Goncourt, Edmond
Louis Antoine Huot de, Jules Alfred Huot de
Goncourt, Edmond Louis Antoine Huot de , 1822–96,
and Jules Alfred Huot de Goncourt. , 1830–70, French authors. Brothers, they
were known, for their close association in art and literature, as “les deux
Goncourt.” They began as artists, touring France in 1849 and keeping notes
that were soon to turn them toward literature. They became art critics and
historians of art, unsuccessful dramatists, promoters of Japanese art, and,
in collaboration, the authors of a number of well-known novels of the naturalist
school, including Soeur Philomène (1861), Renée Mauperin (1864,
tr. 1887), Germinie Lacerteux (1864), Mme Gervaisais (1869),
and a study, The Woman of the Eighteenth Century (1862, tr. 1927).

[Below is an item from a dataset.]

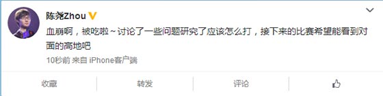 赛后,zhou在微博称,“血崩被吃啦!讨论了一些问题,研究了应该怎么打。接下来的比赛希望能看到对面的高地吧。”

In 1851 the brothers began the Journal des Goncourt (9 vol., 1887–96;
tr. of selections by Lewis Galantière, 1937), an immensely successful publication
devoted to an intimate account of Parisian society for 40 years. They affected
an elaborate and contorted style, employed telegraphic brevity on occasion,
and often selected subjects of sensational value. Their work paved the way
for both naturalism and impressionism. After Jules's death Edmond wrote
the novels La Fille Élisa (1877, tr. Elisa, 1959),
Les Frères Zemganno (1879), and Chérie (1884). In his will
Edmond provided for the founding of the Goncourt Academy (officially recognized
1903), which makes an annual award, the Goncourt Prize, for fiction.